Yes, that idea is crazy, but then so was an article I just read in the Chicago Tribune. A misguided book fetishist wants publishers to start an ad campaign to promote paper books and attack ebook readers like the Kindle, Nook, and the Kindle. Aaron Gilbreath rails against the cleverly designed Kindle commercials that show all of its best features vs paper books, and he thinks it’s time for publishers to strike back.

Publishers should tantalize consumers by evoking books’ sensory pleasures: the smell; the feel in your hands; that crisp, appealing crinkle of a turned page and smooth snap of a dust jacket. Publishers should elicit the joys of “curling up with a book,” the satisfaction of seeing your library on a shelf in your bedroom — the years of your life marked by rows of colorful spines, the pages covered with marginalia. To do this, publishers could borrow vinyl enthusiasts’ lines like, “Records have a certain smell. You can’t smell an MP3,” and, “I associate certain records’ smells with a certain summer, a particular girlfriend.” Audiophiles also discuss fidelity, how records sound undeniably better than MP3s. Surely there’s a book analog waiting to be developed.

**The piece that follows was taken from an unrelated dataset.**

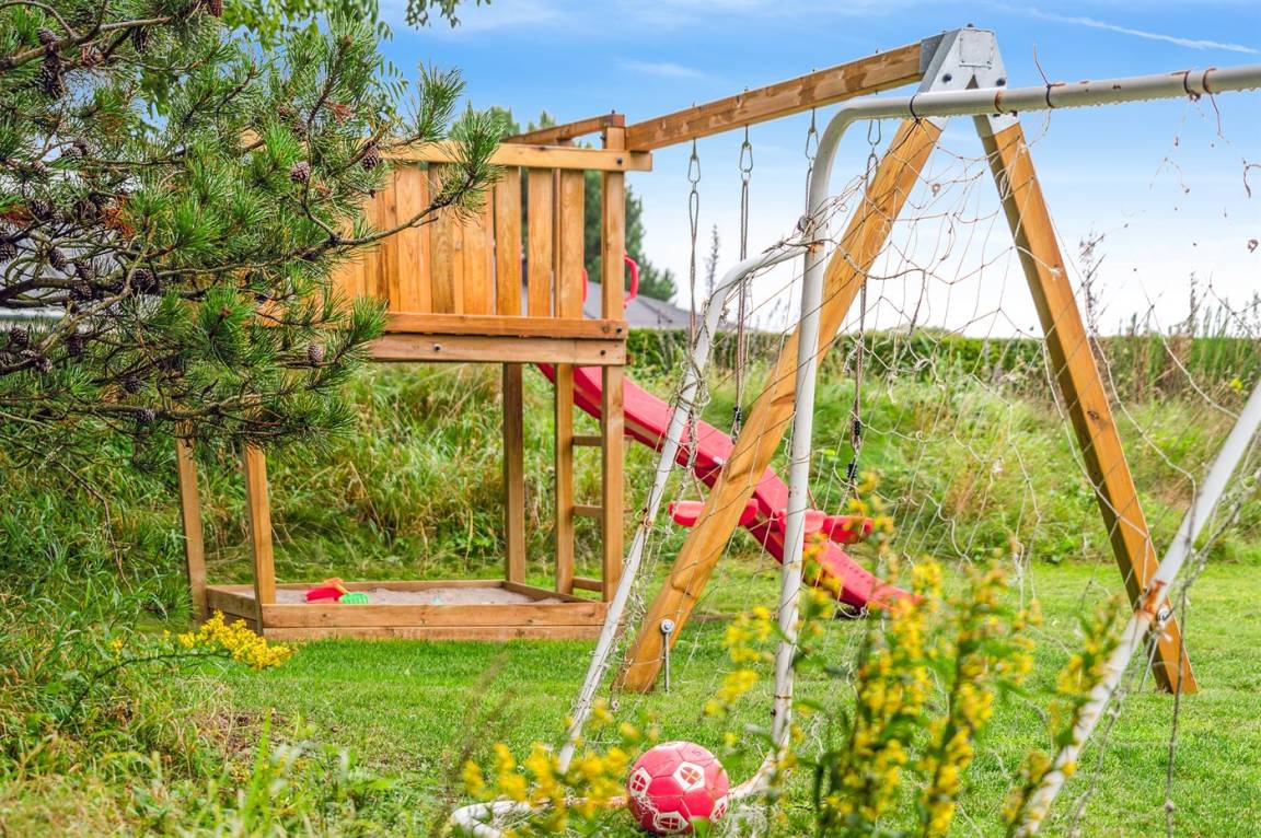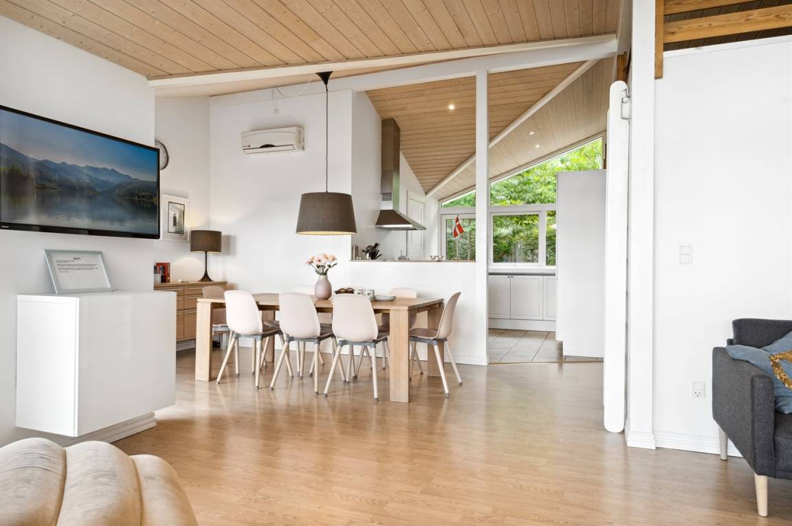 Schönes, gepflegtes Ferienhaus in einer ruhigen und landschaftlich ansprechenden Umgebung, nur ca. 300 m vom Wasser entfernt. Das Ferienhaus wurde 2012 erbaut und ist hell und modern. Das Haus eignet sich dank seiner Ausstattung besonders gut für z. B. zwei Familien, die gemeinsam Urlaub machen möchten, oder ein Paar mit Hund. Hier ist viel Platz zum Toben und Spielen. Im großen Badezimmer gibt es einen herrlichen Whirlpool.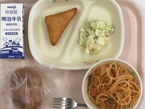 ミニこめこパン 牛乳 ツナとトマトのスパゲティ チーズはんぺんフライ かんぴょうサラダ

I wrote the first paragraph like that just to show you how ridiculous the idea is. Publishers shouldn’t take a position for or against any format; it’s not in their best interest. Their job is to sell as much as possible, not to try to convince people one format (unless one format is a more expensive luxury item, but that’s another matter).

It would make as much sense to attack bookstores as it would to attack the Kindle. At best it would simply shift funds from one of income stream to another and at worst it would alienate customers. Attacking one of your products in favor of another is self-defeating. All it accomplishes is to move money into the ad agency’s pocket while shifting a handful of change around in yours.

But if you really want to go through with it, let me suggest a couple themes for the campaign:

via Mimi and Eunice



Nate Hoffelder

View posts by Nate Hoffelder
Nate Hoffelder is the founder and editor of The Digital Reader. He has been blogging about indie authors since 2010 while learning new tech skills weekly. He fixes author sites, and shares what he learns on The Digital Reader's blog. In his spare time, he fosters dogs for A Forever Home, a local rescue group.


  1. Chris4 August, 2011

    If modern pbooks weren’t such utter mass-produced mall crap (and mind you, I don’t have a problem with mass-production or malls for that matter), this Luddite might have a point. Most hardbound pbooks are not all that special. Sure, back in the day, there was a high level of quality, but not so much anymore. And paperbacks? Please. I don’t care how great they smell, they’re even bigger piles of crap taking up space.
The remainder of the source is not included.